Assignment: Reproduce the listing below word for word, with no pictures.

Source data:
<<<<
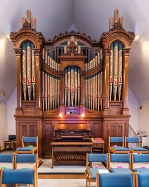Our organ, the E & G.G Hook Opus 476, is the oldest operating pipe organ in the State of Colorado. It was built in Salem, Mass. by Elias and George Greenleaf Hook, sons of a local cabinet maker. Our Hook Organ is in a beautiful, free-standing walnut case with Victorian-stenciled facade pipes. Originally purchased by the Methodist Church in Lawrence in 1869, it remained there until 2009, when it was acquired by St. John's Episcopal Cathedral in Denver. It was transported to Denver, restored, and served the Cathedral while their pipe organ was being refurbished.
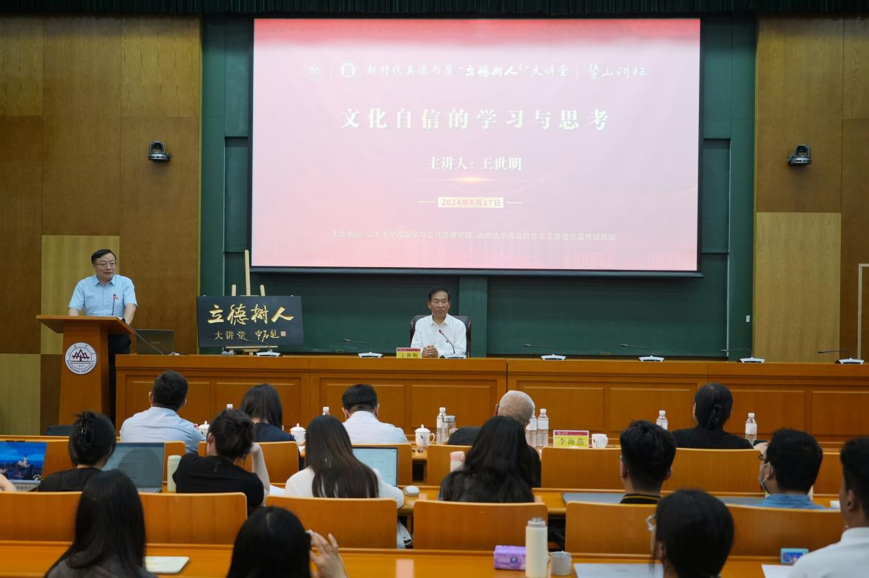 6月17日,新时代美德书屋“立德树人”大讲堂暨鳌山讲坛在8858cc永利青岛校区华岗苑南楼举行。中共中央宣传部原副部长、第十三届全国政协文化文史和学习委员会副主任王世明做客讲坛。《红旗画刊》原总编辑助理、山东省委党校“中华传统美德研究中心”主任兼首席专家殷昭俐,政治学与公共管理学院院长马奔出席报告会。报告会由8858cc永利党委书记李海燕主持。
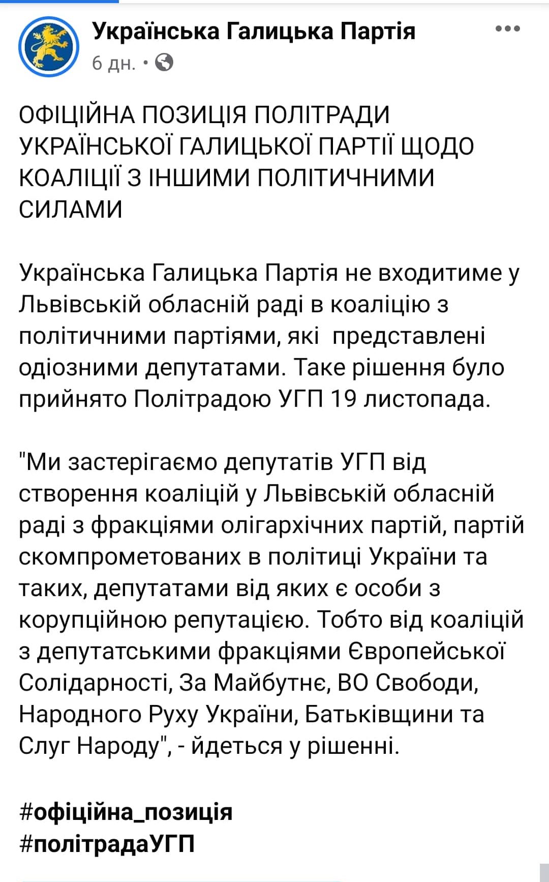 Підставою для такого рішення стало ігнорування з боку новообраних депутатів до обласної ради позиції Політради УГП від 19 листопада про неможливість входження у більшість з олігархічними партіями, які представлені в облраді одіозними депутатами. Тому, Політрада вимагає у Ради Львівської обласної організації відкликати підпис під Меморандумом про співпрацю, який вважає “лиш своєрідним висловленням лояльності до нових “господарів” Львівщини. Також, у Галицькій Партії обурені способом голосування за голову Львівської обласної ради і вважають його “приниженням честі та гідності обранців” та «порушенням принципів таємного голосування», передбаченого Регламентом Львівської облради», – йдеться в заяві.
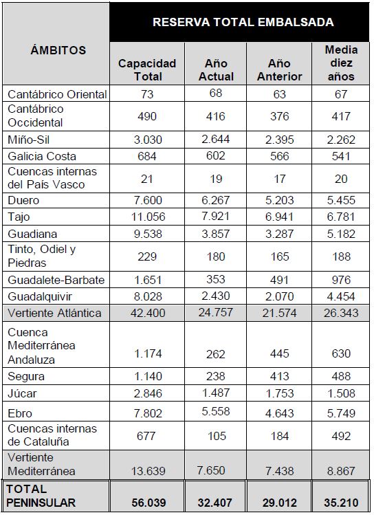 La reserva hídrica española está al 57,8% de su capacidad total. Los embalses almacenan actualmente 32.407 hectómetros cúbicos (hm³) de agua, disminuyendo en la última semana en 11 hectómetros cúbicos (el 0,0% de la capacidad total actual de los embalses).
>>>>
Exercise answer:
Our organ, the E & G.G Hook Opus 476, is the oldest operating pipe organ in the State of Colorado. It was built in Salem, Mass. by Elias and George Greenleaf Hook, sons of a local cabinet maker. Our Hook Organ is in a beautiful, free-standing walnut case with Victorian-stenciled facade pipes. Originally purchased by the Methodist Church in Lawrence in 1869, it remained there until 2009, when it was acquired by St. John's Episcopal Cathedral in Denver. It was transported to Denver, restored, and served the Cathedral while their pipe organ was being refurbished.
 6月17日,新时代美德书屋“立德树人”大讲堂暨鳌山讲坛在8858cc永利青岛校区华岗苑南楼举行。中共中央宣传部原副部长、第十三届全国政协文化文史和学习委员会副主任王世明做客讲坛。《红旗画刊》原总编辑助理、山东省委党校“中华传统美德研究中心”主任兼首席专家殷昭俐,政治学与公共管理学院院长马奔出席报告会。报告会由8858cc永利党委书记李海燕主持。
 Підставою для такого рішення стало ігнорування з боку новообраних депутатів до обласної ради позиції Політради УГП від 19 листопада про неможливість входження у більшість з олігархічними партіями, які представлені в облраді одіозними депутатами. Тому, Політрада вимагає у Ради Львівської обласної організації відкликати підпис під Меморандумом про співпрацю, який вважає “лиш своєрідним висловленням лояльності до нових “господарів” Львівщини. Також, у Галицькій Партії обурені способом голосування за голову Львівської обласної ради і вважають його “приниженням честі та гідності обранців” та «порушенням принципів таємного голосування», передбаченого Регламентом Львівської облради», – йдеться в заяві.
 La reserva hídrica española está al 57,8% de su capacidad total. Los embalses almacenan actualmente 32.407 hectómetros cúbicos (hm³) de agua, disminuyendo en la última semana en 11 hectómetros cúbicos (el 0,0% de la capacidad total actual de los embalses).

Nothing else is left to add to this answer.